Publishing flow
From sitemap idea to reviewed file
The publishing flow starts before a page is written.
First, decide why the page should exist. Then create or edit the markdown file. Then review the page in Page Writer. Only after that should the file move toward GitHub sync and publishing.
Page planned in sitemap
The sitemap shows where the page belongs.
The page should connect to a real need: a weak prompt, a source gap, a Search Console opportunity, a competitor gap, or a planned content group.
Markdown file created or updated
The page lives as a markdown file in the workspace.
The file can include frontmatter, content sections, internal links, and JSON-LD. It can be edited by the user or with CLEA.
Draft checked before publish
Before publishing, check the page content and the page metadata.
The page should have a clear title, useful description, correct URL, clean body, reviewed links, and safe claims.
Plan in Sitemap
Decide which markdown page should move forward.
Draft in Page Writer
Improve copy, metadata, links, and schema.
Review the file
Check claims and save the markdown.
Sync through GitHub
Move reviewed files into the connected repository.
SEO and JSON-LD review
Page Writer can add JSON-LD when it is missing.
It can also run an on-page check when the page has a live URL on the connected website.

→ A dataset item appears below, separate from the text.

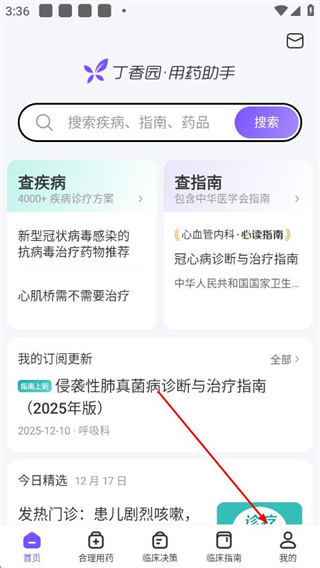 打開用藥助手App,搜索疾病名,即可查看對應診療方案、臨床指南。

That check can show score, status code, word count, title length, description length, internal links, external links, readability, and issues.
Human approval before GitHub publish
Human review is required before publishing.

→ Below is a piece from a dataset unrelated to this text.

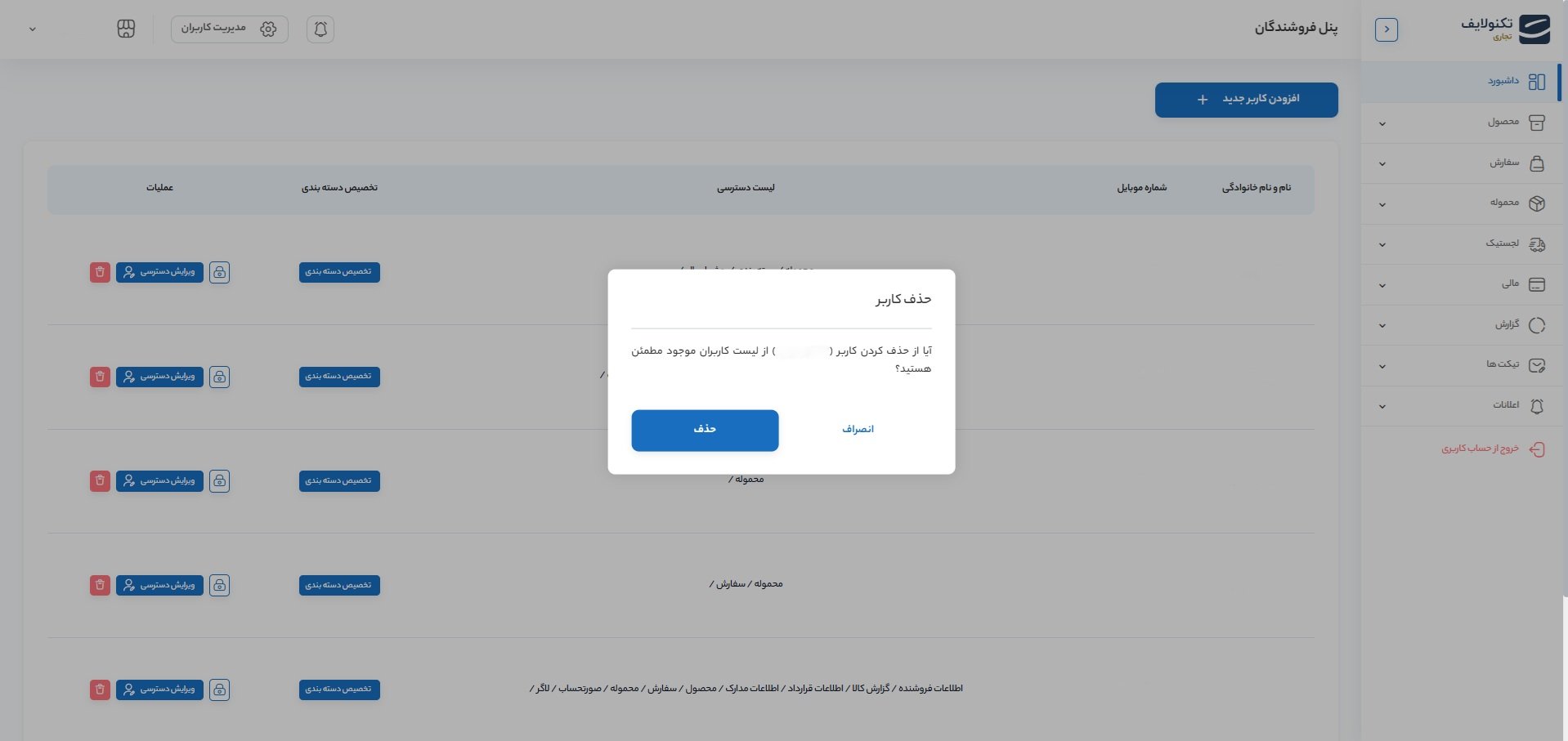 اگر قصد گرفتن دسترسی از یک کاربر را دارید، کافیست روی گزینه زیر کلیک و حذف کاربر را تایید کنید.

CLEA can draft and improve the file. The user should approve the claims, links, and final page purpose.
Post-publish visibility check
After publishing, schedule a follow-up.
Check whether related prompts change, whether sources read the page, whether Search Console sees the URL, and whether the page needs another improvement pass.
Review this page before publishing. Check title, description, URL, internal links, claims, JSON-LD, and whether the page answers the buyer question.